Chen Baowei, Squier Thomas C, Bigelow Diana J
Cell Biology Group, Biological Sciences Division, Fundamental Science Directorate, Pacific Northwest National Laboratory, P.O. Box 999, Richland, Washington 99352, USA.
Biochemistry. 2004 Apr 13;43(14):4366-74. doi: 10.1021/bi0356350.
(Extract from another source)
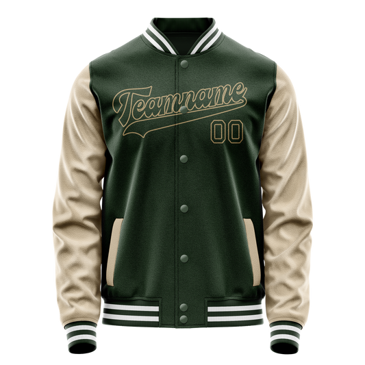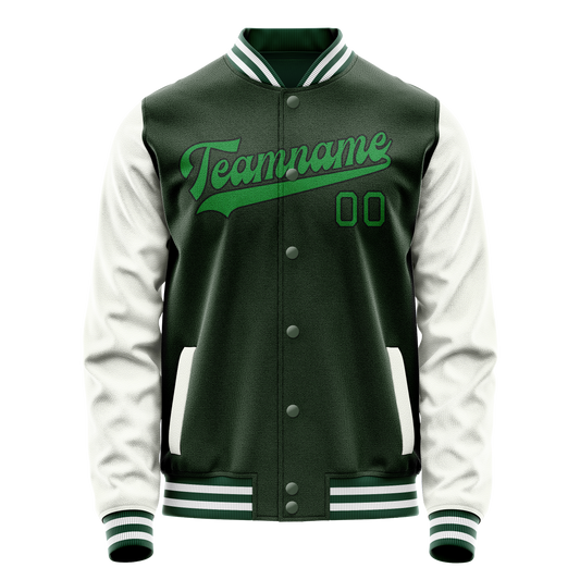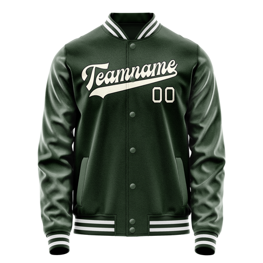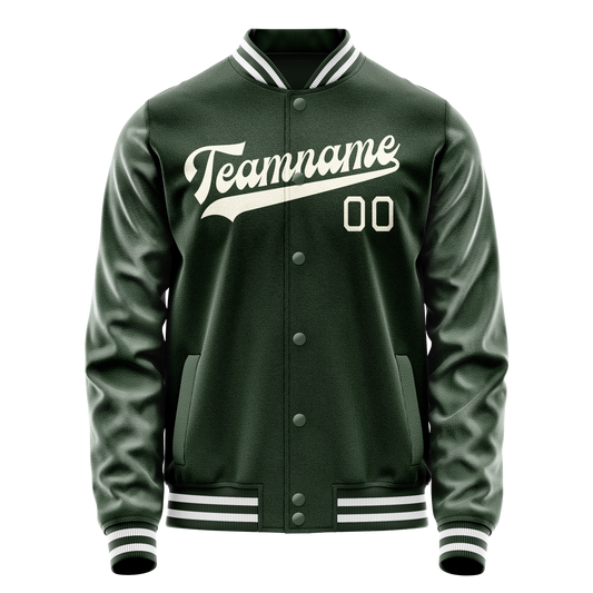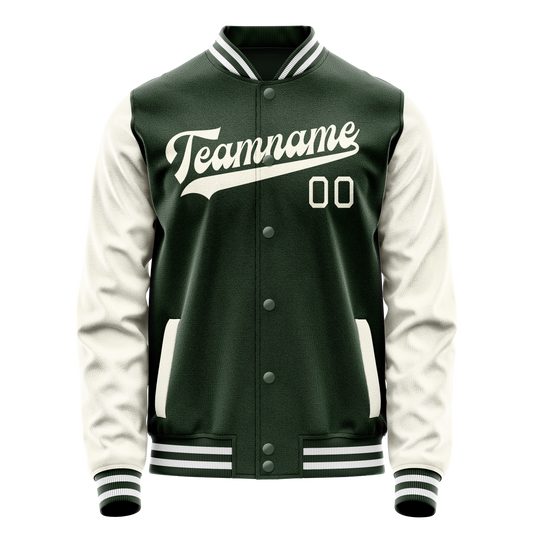Custom Green Cream Solid Color Varsity Letterman Jacket

High-resolution crystal structures obtained in two conformations of the Ca-ATPase suggest that a large-scale rigid-body domain reorientation of approximately 50 degrees involving the nucleotide-binding (N) domain is required to permit the transfer of the gamma-phosphoryl group of ATP to Asp(351) in the phosphorylation (P) domain during coupled calcium transport. However, variability observed in the orientations of the N domain relative to the P domain in the different crystal structures of the Ca-ATPase following calcium activation and the structures of other P-type ATPases suggests the presence of conformational heterogeneity in solution, which may be modulated by contact interactions within the crystal. Therefore, to address the extent of conformational heterogeneity between these domains in solution, we have used fluorescence resonance energy transfer to measure the spatial separation and conformational heterogeneity between donor (i.e., 5-[[2-[(iodoacetyl)amino]ethyl]amino]naphthalene-1-sulfonic acid) and acceptor (i.e., fluorescein 5-isothiocyanate) chromophores covalently bound to the P and N domains, respectively, within the Ca-ATPase stabilized in different enzymatic states associated with the transport cycle. In comparison to the unliganded enzyme, the spatial separation and conformational heterogeneity between these domains are unaffected by enzyme phosphorylation. However, calcium activation results in a 3.4 A increase in the average spatial separation, from 29.4 to 32.8 A, in good agreement with the 4.3 A increase in the distance estimated from high-resolution structures where these sites are respectively separated by 31.6 A (1IWO.pdb) and 35.9 A (1EUL.pdb). Thus, the crystal structures accurately reflect the average solution structures of the Ca-ATPase. These results suggest that the approximation of cytoplasmic domains accompanying calcium transport, as observed from crystal structures, occurs in solution within the context of large amplitude domain motions important for catalysis. We suggest that these domain motions enhance the rates of substrate (ATP) access and product (ADP) egress and the probability of a productive juxtaposition of the gamma-phosphoryl moiety of ATP with Asp(351) on the phosphorylation domain to facilitate enzyme phosphorylation and calcium transport.
在两种构象下获得的钙 - ATP酶的高分辨率晶体结构表明,在偶联钙转运过程中,需要核苷酸结合(N)结构域进行大约50度的大规模刚体结构域重排,以使ATP的γ - 磷酰基转移至磷酸化(P)结构域中的天冬氨酸(Asp351)。然而,在钙激活后钙 - ATP酶的不同晶体结构以及其他P型ATP酶中,N结构域相对于P结构域的取向存在变异性,这表明溶液中存在构象异质性,这种异质性可能受到晶体内接触相互作用的调节。因此,为了研究溶液中这些结构域之间构象异质性的程度,我们利用荧光共振能量转移来测量分别共价连接到处于与转运循环相关的不同酶状态的钙 - ATP酶的P和N结构域上的供体(即5 - [[2 - [(碘乙酰基)氨基]乙基]氨基]萘 - 1 - 磺酸)和受体(即异硫氰酸荧光素)发色团之间的空间距离和构象异质性。与未结合配体的酶相比,这些结构域之间的空间距离和构象异质性不受酶磷酸化的影响。然而,钙激活导致平均空间距离增加3.4 Å,从29.4 Å增加到32.8 Å,这与从高分辨率结构估计的距离增加4.3 Å非常吻合,在这些高分辨率结构中,这些位点分别相距31.6 Å(1IWO.pdb)和35.9 Å(1EUL.pdb)。因此,晶体结构准确地反映了钙 - ATP酶的平均溶液结构。这些结果表明,从晶体结构观察到的伴随钙转运的细胞质结构域的近似情况,发生在溶液中对于催化至关重要的大幅度结构域运动的背景下。我们认为这些结构域运动提高了底物(ATP)进入和产物(ADP)排出的速率,以及ATP的γ - 磷酰基部分与磷酸化结构域上的天冬氨酸(Asp351)有效并列的概率,以促进酶的磷酸化和钙转运。